We also ensure that every score or KAI metric comes with development-focused recommendations. The aim is not to label children, but to give them a structured roadmap. This is why we work closely with coaches, explaining what the models measure, how they were built, and where their limitations lie. Transparency builds trust.

At the end of the day, AI can neither replace a coach’s intuition nor is it meant to. What it can do is remove subjectivity, save time, and uncover aspects a coach might miss in a large group session. When both work together, the athlete benefits the most. That’s the philosophy behind our entire system.

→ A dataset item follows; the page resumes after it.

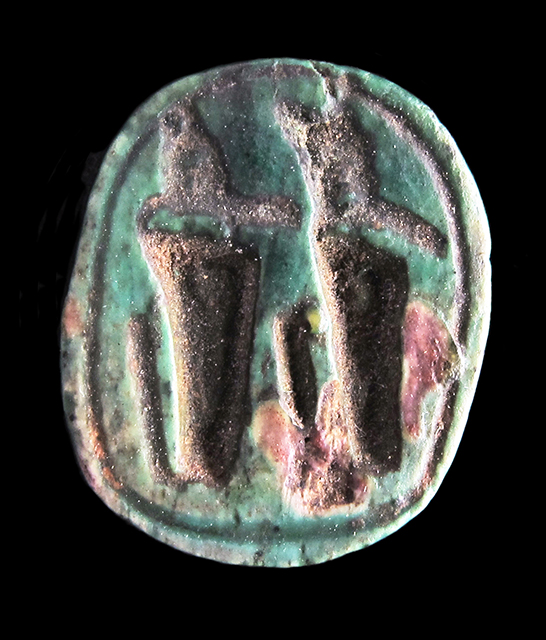 Scarabeo in steatite invetriata turchese con, sul ventre, l'incisione di due urei con le corone dell’Alto e Basso Egitto. Sebbene il dorso presenti una scheggiatura nella parte sinistra, sono comunque visibili il clipeo e la divisione tra protorace ed elitre. Foro passante longitudinale.

With funding and rapid expansion, how is KPro building governance, audit systems, and data-privacy safeguards to ensure responsible scaling without compromising scientific rigor or the integrity of athlete data?

As we scale rapidly, the single-most important priority for us is responsible growth both in terms of scientific rigor and data governance. Youth assessment data is extremely sensitive, and it has to be protected with the same seriousness as health or academic records. 

We have built our governance framework on three pillars such as strong data-privacy safeguards, transparent audit systems, and strict scientific oversight.

First, all athlete data is encrypted end-to-end, stored on secure Indian servers, and governed by strict access controls. No raw video or identifiable information goes to any third party without explicit institutional consent. Parents and schools retain ownership of the data, we only process it to generate assessments.

Second, we have put auditability at the core of every workflow. Every model release, every scoring update, and every protocol change undergoes scientific review and internal testing. We maintain logs of model decisions, accuracy reports, bias checks, and field-testing cycles to ensure traceability. This is essential for scaling without losing rigor. 

Third, we have created an internal Sports Science & Ethics Board that includes biomechanists, data scientists, and external advisors. Their role is to continuously monitor model fairness, validate scoring frameworks, and ensure that our rapid growth does not dilute scientific integrity.

Responsible scaling is not optional for us perhaps it’s foundational. When you’re dealing with children’s developmental data, trust is everything. We want KPro to set the benchmark for how sports-technology companies in India treat privacy, ethics, and scientific discipline. If we get this part right, scale automatically becomes sustainable.